Healed, but Still Limping As I Serve
Guest Post from Fatherhood Instructor, Kevin Stupca
I serve and volunteer in an area all too familiar to me from my very own childhood experience: dysfunction and abuse. I went out into the world having no genuine tools for fostering healthy relationships and unconditional love. I couldn’t trust in anything or anyone, and I wasn’t able to feel things without wanting to numb it all. Any feeling created an automatic response to flight or fight. FEAR and anxiety were the norm, and they infected my faith as well. I could quote verse after verse on grace, but could never feel it. I couldn’t keep up with my relationships (God included) when fear crept in. It was like a cancer that popped up in every relationship: family, marriage, church, work, you name it. None of them lasted because none were healthy.
Many of the men I’ve worked with in my role as volunteer Fatherhood Instructor at Zoe, A Women’s Center have the very same backgrounds and themes woven throughout their lives. As Mark Twain stated, “History doesn't repeat itself, but it sure rhymes!" Indeed, sometimes the process of coaching and walking through seasons of change tend to feel like pulling up dandelions. You snap the tops off, but never get to the root, and the issues come back tenfold.

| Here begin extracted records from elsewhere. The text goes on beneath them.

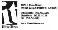 www.illinoistimes.com PUBLISHER Sharon Whalen [email protected], ext.137 EDITOR Fletcher Farrar [email protected], ext.140 Letters to the [email protected] STAFF WRITERS Patrick Yeagle [email protected], ext.122 EDITORIAL INTERN Diane Ivey ................................................divey@illinoistimes.com CALENDAR COORDINATOR Anita [email protected], ext.143 CONTRIBUTORS Amy Alkon, Julianne Glatz, Jim Hightower, Tom Irwin, Jacqueline Jackson, Chuck Koplinski, Dan Perkins, Rich Miller, John Sherffius, Jennifer Fishburn, Roland Sweet SENIOR DESIGNER Joseph Copley [email protected], ext.125 PRODUCTION DESIGNER David Hine [email protected], ext.124 ADVERTISING Beth Parkes-Irwin [email protected], ext.131 Tia Schoen [email protected], ext.128 Nan Bulli [email protected], ext. 129 BUSINESS/CIRCULATION Brenda Matheis [email protected], ext.134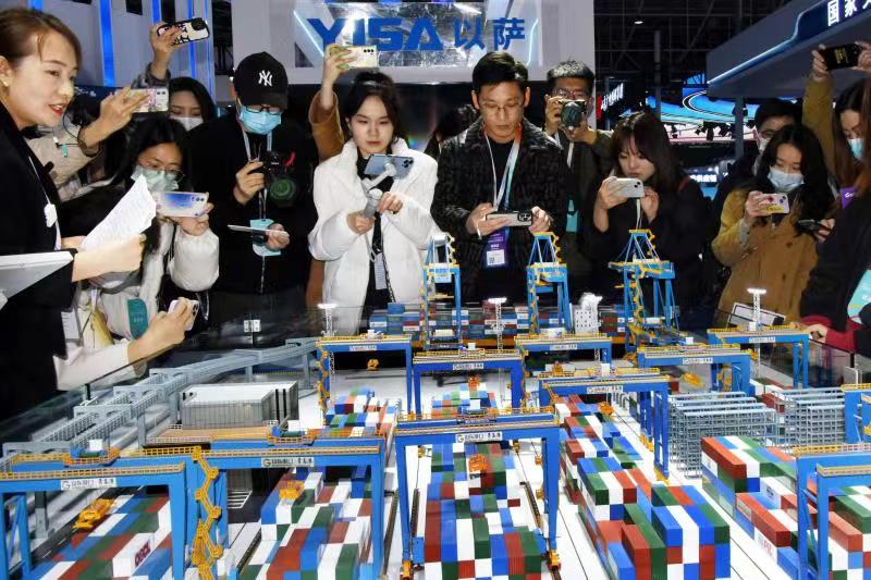 4月6日,参观者在展会上了解数字无人码头。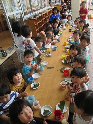 2019年04月26日 おいしいね 3歳児 つき 先日、おやつで柏餅がでたので、テラスに出て 大きなこいのぼりを眺めながら食べました。 いつもとは違う雰囲気に喜んでいたこどもたちです。 またテラスで食べようね。 一覧へ戻る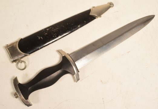 A WWII Second World War Third Reich Nazi German SS Officers parade dagger. Shaped wooden grip with inset SS roundal and metal Eagle Swastika. The ricasso stamped RZM M7/36 and the blade etched with Meine Ehre Heisst Treue. The dagger possibly being a marriage of genuine and reproduction parts. Measures approx 38cm.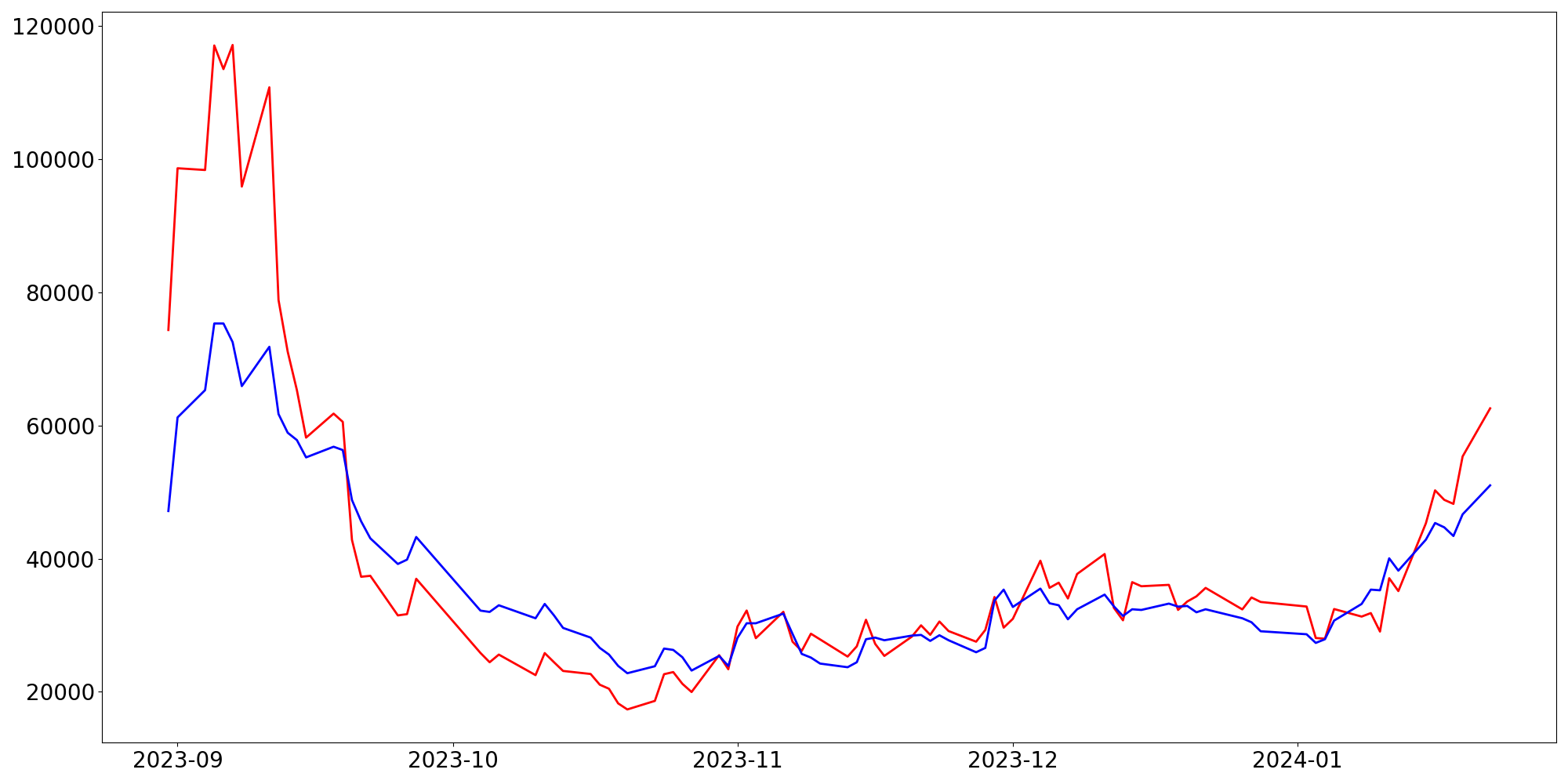[ - : 실제값(종가) / - : 예측값(종가) ]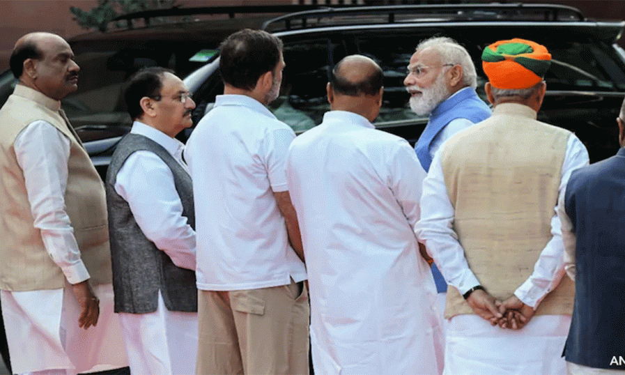 പാർലിമെന്റിന്റെ മുറ്റത്ത് കുശലം പറഞ്ഞ് മോദിയും രാഹുൽ ഗാന്ധിയും; വൈറലായി ഇന്ത്യൻ രാഷ്ട്രീയത്തിലെ ആ അപൂർവ്വ കാഴ്ച

Generational traumas and abuse only continue without God’s intervention in the form of help for learning new, healthy behaviors outside of the family of origin. But sometimes, people are too scared to ask for help or begin trusting another human being, let alone God.
My initial prayers for those I serve are for God to open their eyes to any intolerable realities they may be suppressing with some form of self-medicating. I pray for them to be teachable. I petition the Lord that either silence or positive messaging would replace whatever is still speaking shame from the past into their lives. Mostly, I pray for healing to take place and that they would discover a true relationship with God.
They say it takes time to heal. TRUE, but healing doesn't mean walking without a limp the rest of your life. I can tell you I’ve "healed" in many areas of my life, but I'm not pain free. Abuse and trauma are like a skier slamming into a tree and shattering a leg in seven places. It may heal, but there will still be days when it aches. Although Jacob was blessed after wrestling with God through an entire night, he limped the rest of his life. God had changed him for the better, but it came at a painful, exhausting cost.
Nothing provides the restoration and healing afforded to all like the gift of God’s salvation as we discover abundant life in Christ. I’m thankful God’s been able to use my own broken past to help me coach and mentor others who need to experience His hope and grace as they journey through fatherhood.